If you don’t instantly know what note it is, don’t think about it. Just take a stab at it (literally, if you are a piano player). Don’t try to remember the name of the note until after you hit it on your instrument. (Also, play the note so it actually makes sound — that’s part of the benefit of the learning. Your ear gets trained too that way.)

Then turn over your card with the hand that isn’t holding down the piano key and compare. If you were wrong, first hit the right note (very important), then shuffle the card back in the pile so you will get it again later. If you were right, give yourself a moment for a smug smirk, then put the card in the discard pile.

Keep turning up cards and hitting the note and saying the name of the note in your head or out loud.

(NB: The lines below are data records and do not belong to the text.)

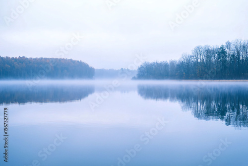 © Aoey, Fototapeta premium Misty Morning Landscape Over Calm Water with Reflections
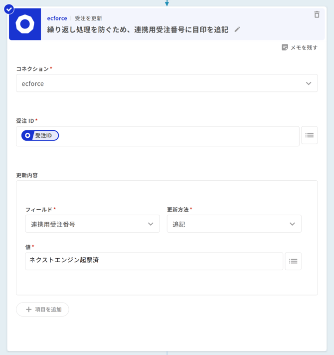 15. ecforce|受注を更新「繰り返し処理を防ぐため、連携用受注番号に目印を追記」
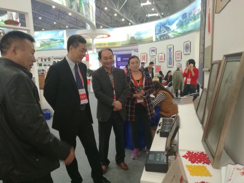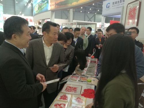 开展后,省委常委、宣传部长虞爱华,省委常委、合肥市委书记宋国权,中国工艺美术协会秘书长王斌,中国剪纸协会副会长刘继成在市委宣传部副部长王朝阳的引领介绍下,先后来到阜阳展示厅巡馆,逐一参观参展精品。在阜阳程氏剪纸展台前,虞爱华、宋国权一行听取了程氏剪纸的传统艺术特点和技艺传承介绍;在杜氏刻铜展柜前,了解了杜氏刻铜的雕刻技法、代表作品和材质,对两大“非遗”传承人所表现出来的新时代工匠精神给予肯定。在阜阳展厅,虞爱华、宋国权一行对阜阳剪纸、杜氏刻铜、界首彩陶等国家级非遗作品,以及无人机、机器人等现代科技融合产品,给予很高艺术品鉴。
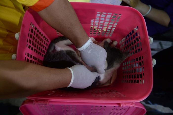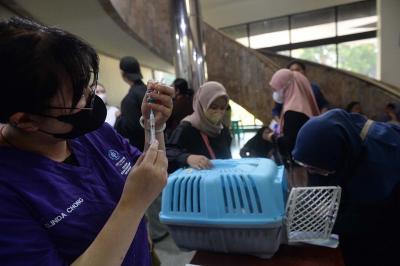 IDXChannel - Petugas menyuntikkan vaksin rabies ke seekor kucing peliharaan di Jakarta, Sabtu (11/10/2025).

Shuffle back in all the cards you got wrong (on either the name or the note). Discard the ones you got right. When you reach the end, reshuffle the whole deck.

Repeat!

Note: It is very important that you don’t obsess over the cards you get wrong. Just hit the right note and move on without letting it ruffle your feathers. (I have chickens, so I like feather analogies.)

Got it? Wrong answer = no biggie. You’ll get it next time or the time after, and it will only take longer if you waste time angsting about it every time you miss one. Seriously, it’s a non-event. Speed is what matters — keeping it going.

If you find yourself getting frustrated (perhaps you are new to your instrument or to reading music), cut down your deck size. For example, instead of having two octaves, limit yourself to one octave — or part of an octave if need be. Just make sure you know what range your cards fall in. Don’t just shuffle your deck and remove half. That won’t actually lower the challenge level.

When you’re starting to feel confident or getting bored and you think you’re ready, find some really simple sheet music that you aren’t familiar with and give your new skills a whirl. Try searching for common tunes in flute notation. That way there are no chords and you can focus on one hand. You’ll have to make up your own piano fingering, though.

Good luck!

Update: It’s been a few days now, and I’ve had time to go over the bass clef deck a number of times. I’m definitely slower/stupider with it, but that’s no surprise — I still have muscle memory and background from my years of piano practice, and that’s the only reason I’m as far ahead as I am. I knew I wasn’t as good with the bass clef to start with, so of course I would have a handicap learning it now compared to the treble clef.

That said, just today I played a piece with both hands from a “grade 4” piano book that looked doable (the first page of it, anyway), and I managed the run-through reasonably well, though with plenty of errors to keep me humble. Still, the improvement was palpable, even compared to my old standards back when I was actually in practice.

This was my first time trying to sight read again with both hands and a semi-complicated piece of music, and it was definitely a success. It had a good mix of the hard extra-high and extra-low notes. I used to count up to those from a note I already knew. I had to do very little counting this time, and it was mainly to confirm my memory, not to act as a crutch so I didn’t have to learn the notes.

My only wish at this point is that I had a piano book with slightly simpler pieces. This one is kind of overreaching for my current level and goals. I’ll have to see what I can do about that.

Update 2 (1-9-16): I sat down after several days of not practicing at all and got my first 100% accuracy run-through on my treble clef deck on my first try, to my own astonishment.